MATERIAL SHOWN
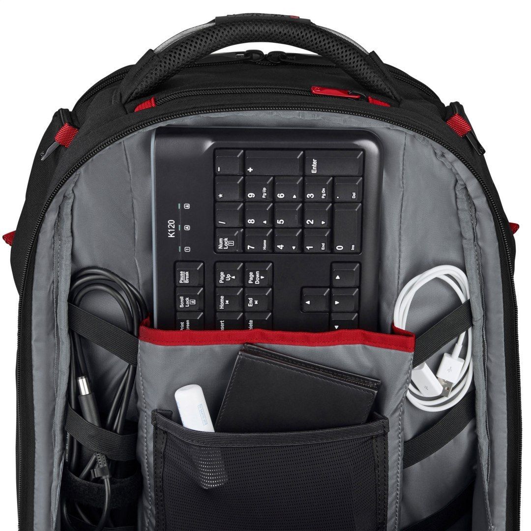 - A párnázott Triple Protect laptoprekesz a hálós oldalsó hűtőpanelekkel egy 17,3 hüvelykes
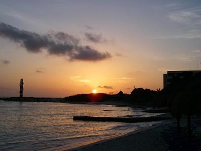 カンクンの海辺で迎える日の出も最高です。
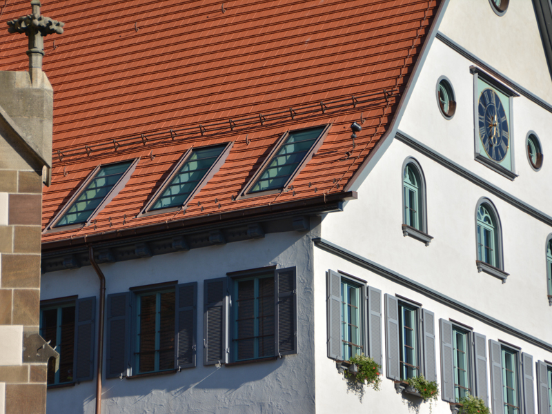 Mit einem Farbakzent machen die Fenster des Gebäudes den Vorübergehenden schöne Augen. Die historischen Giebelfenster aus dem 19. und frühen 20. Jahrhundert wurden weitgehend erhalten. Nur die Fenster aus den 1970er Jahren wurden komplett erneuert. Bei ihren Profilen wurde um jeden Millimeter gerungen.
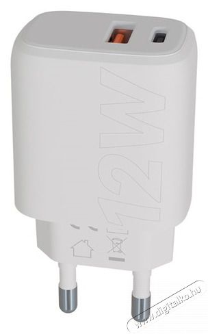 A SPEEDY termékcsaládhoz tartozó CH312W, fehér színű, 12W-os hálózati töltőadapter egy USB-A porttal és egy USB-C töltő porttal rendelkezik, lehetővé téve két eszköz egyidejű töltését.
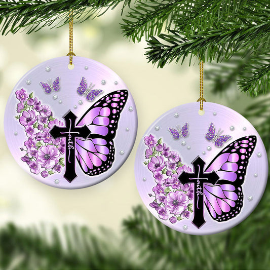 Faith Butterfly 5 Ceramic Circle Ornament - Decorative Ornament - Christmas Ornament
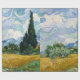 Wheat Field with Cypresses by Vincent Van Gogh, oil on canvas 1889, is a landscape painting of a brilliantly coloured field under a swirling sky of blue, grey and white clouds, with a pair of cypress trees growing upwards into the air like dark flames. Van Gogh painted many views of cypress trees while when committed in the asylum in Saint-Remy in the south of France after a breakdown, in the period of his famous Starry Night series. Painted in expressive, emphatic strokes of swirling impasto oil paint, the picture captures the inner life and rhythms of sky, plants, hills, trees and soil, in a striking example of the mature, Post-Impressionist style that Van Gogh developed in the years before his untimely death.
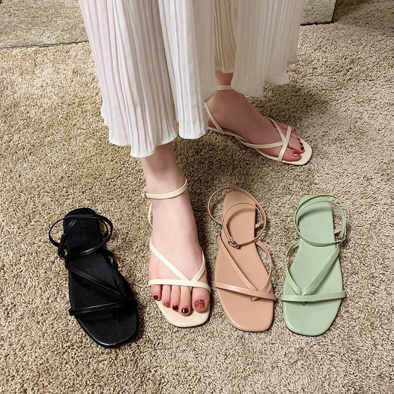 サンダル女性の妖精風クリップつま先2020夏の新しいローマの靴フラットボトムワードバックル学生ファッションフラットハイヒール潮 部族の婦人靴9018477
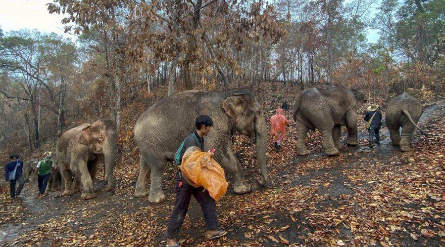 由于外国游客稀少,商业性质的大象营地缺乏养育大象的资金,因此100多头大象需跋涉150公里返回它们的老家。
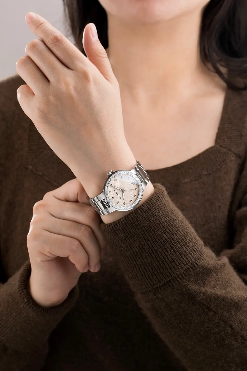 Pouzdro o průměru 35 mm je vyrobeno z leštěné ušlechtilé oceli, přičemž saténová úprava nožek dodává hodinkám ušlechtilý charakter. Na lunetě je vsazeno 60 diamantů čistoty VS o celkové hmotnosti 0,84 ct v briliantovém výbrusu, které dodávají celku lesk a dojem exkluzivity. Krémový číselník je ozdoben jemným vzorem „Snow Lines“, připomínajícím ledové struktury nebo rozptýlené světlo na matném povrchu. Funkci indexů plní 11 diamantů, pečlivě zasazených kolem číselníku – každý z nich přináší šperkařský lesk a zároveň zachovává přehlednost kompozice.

...

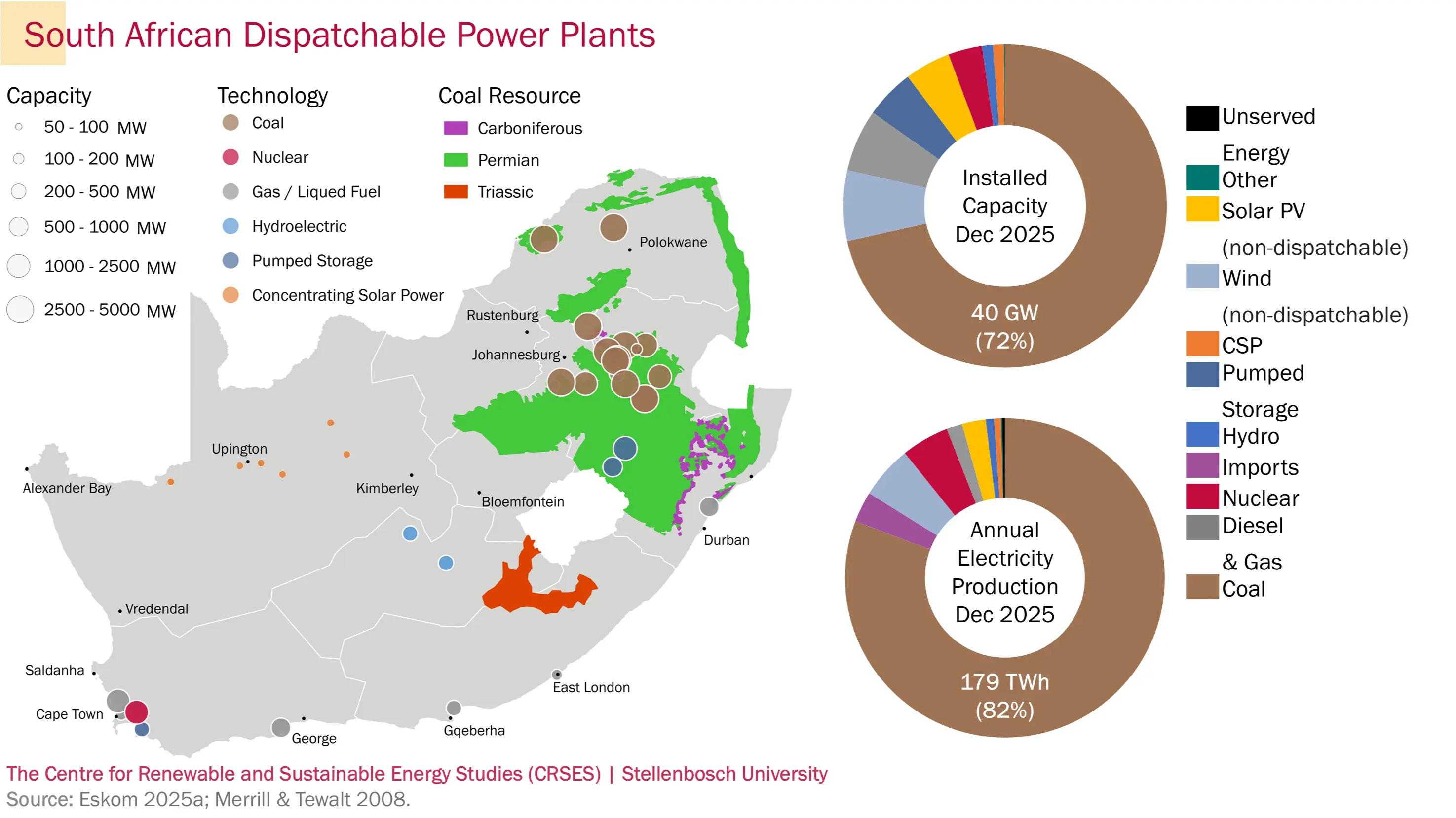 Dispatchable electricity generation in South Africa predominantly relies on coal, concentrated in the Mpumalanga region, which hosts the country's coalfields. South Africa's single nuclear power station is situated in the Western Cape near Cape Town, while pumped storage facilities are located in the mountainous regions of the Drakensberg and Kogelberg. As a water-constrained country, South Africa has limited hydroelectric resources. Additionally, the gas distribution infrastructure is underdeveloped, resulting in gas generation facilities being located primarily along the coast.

==

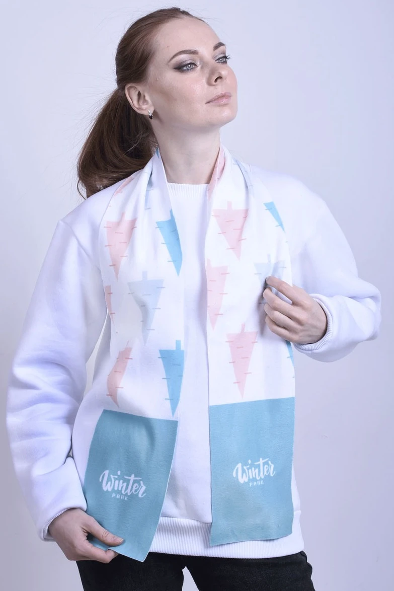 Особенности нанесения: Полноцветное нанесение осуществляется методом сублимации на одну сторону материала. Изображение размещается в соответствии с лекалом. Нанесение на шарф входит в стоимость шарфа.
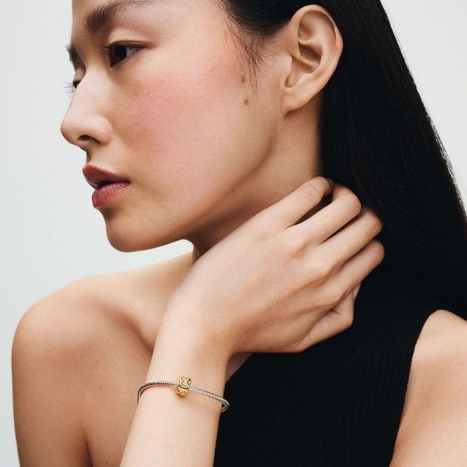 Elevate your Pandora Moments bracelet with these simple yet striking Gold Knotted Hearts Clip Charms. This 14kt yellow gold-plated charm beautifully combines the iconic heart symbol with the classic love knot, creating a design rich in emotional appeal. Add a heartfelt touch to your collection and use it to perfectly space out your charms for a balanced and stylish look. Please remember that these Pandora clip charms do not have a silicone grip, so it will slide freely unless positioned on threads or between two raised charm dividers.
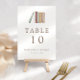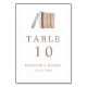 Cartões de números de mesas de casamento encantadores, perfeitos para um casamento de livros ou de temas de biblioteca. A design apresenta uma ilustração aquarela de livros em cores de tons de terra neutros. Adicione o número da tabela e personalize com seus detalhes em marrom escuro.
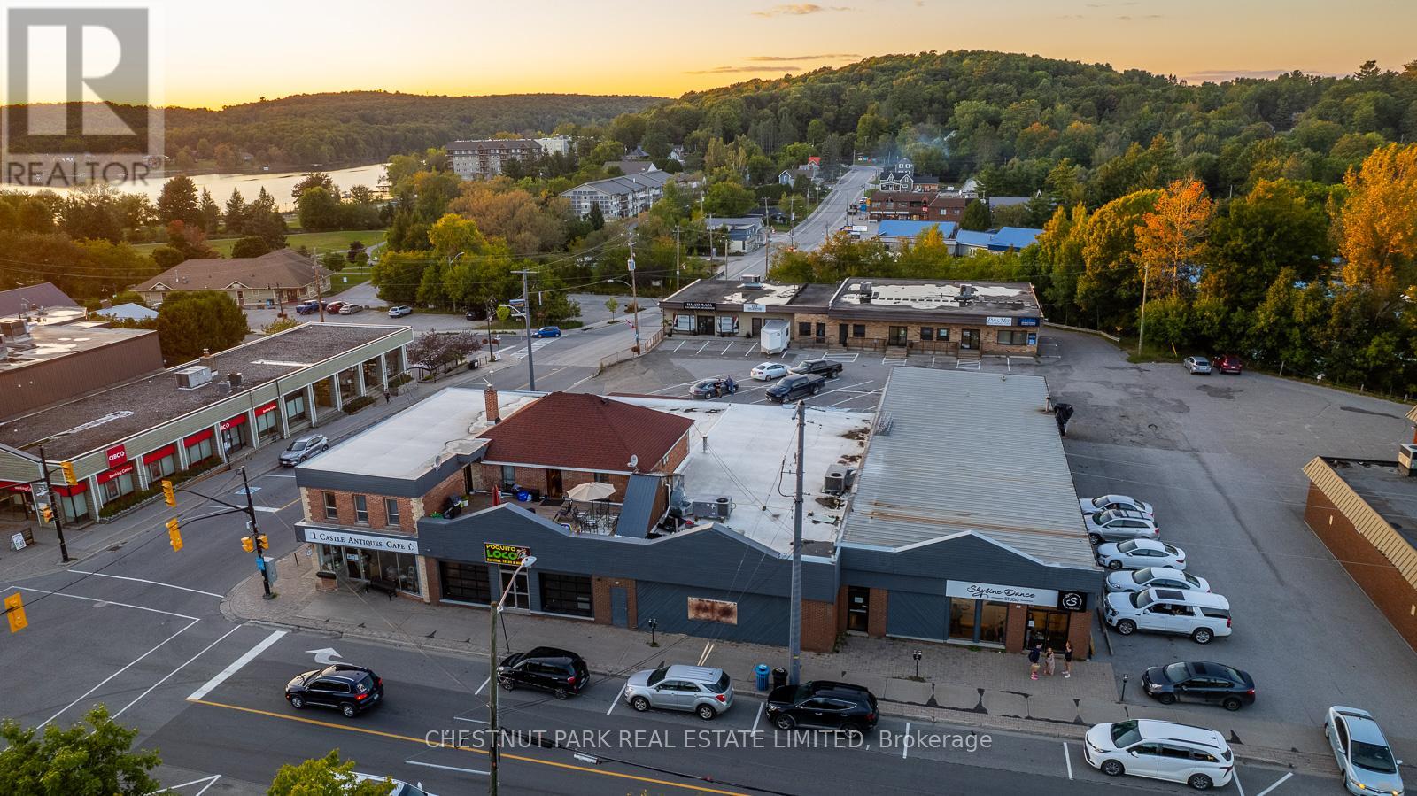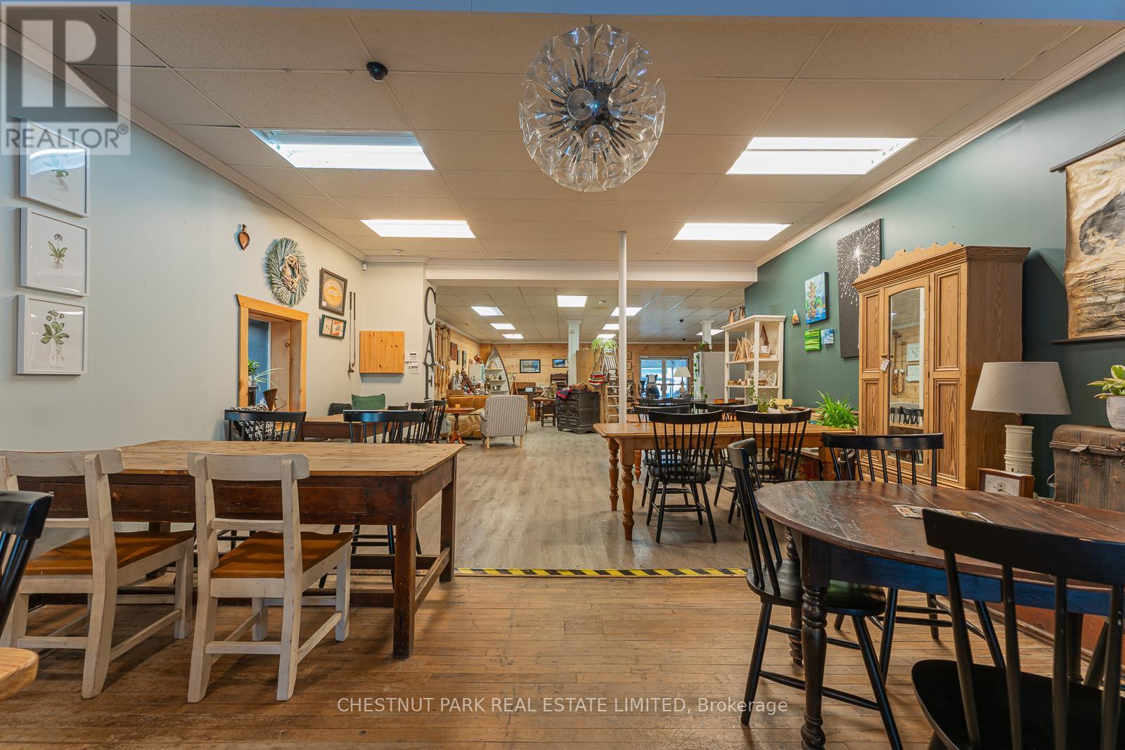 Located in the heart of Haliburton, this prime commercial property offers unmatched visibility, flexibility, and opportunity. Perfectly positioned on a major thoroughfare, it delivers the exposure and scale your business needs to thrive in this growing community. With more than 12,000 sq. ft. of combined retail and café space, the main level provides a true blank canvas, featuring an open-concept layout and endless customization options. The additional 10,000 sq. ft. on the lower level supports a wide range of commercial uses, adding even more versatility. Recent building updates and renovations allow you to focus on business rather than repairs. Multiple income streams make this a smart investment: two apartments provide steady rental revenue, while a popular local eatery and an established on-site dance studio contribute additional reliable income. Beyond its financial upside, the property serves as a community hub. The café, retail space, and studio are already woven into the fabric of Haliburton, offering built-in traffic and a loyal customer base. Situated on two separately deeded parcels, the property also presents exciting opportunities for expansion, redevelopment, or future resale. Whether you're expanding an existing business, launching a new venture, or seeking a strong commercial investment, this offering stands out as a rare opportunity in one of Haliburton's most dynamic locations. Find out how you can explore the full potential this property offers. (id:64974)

EXERCISE AIM
Above are the records; restate exactly the lines from the one containing "Mit einem Farbakzent" through the one containing "Faith Butterfly 5", keeping pictures out.

COMPLETED TASK
 Mit einem Farbakzent machen die Fenster des Gebäudes den Vorübergehenden schöne Augen. Die historischen Giebelfenster aus dem 19. und frühen 20. Jahrhundert wurden weitgehend erhalten. Nur die Fenster aus den 1970er Jahren wurden komplett erneuert. Bei ihren Profilen wurde um jeden Millimeter gerungen.
 A SPEEDY termékcsaládhoz tartozó CH312W, fehér színű, 12W-os hálózati töltőadapter egy USB-A porttal és egy USB-C töltő porttal rendelkezik, lehetővé téve két eszköz egyidejű töltését.
 Faith Butterfly 5 Ceramic Circle Ornament - Decorative Ornament - Christmas Ornament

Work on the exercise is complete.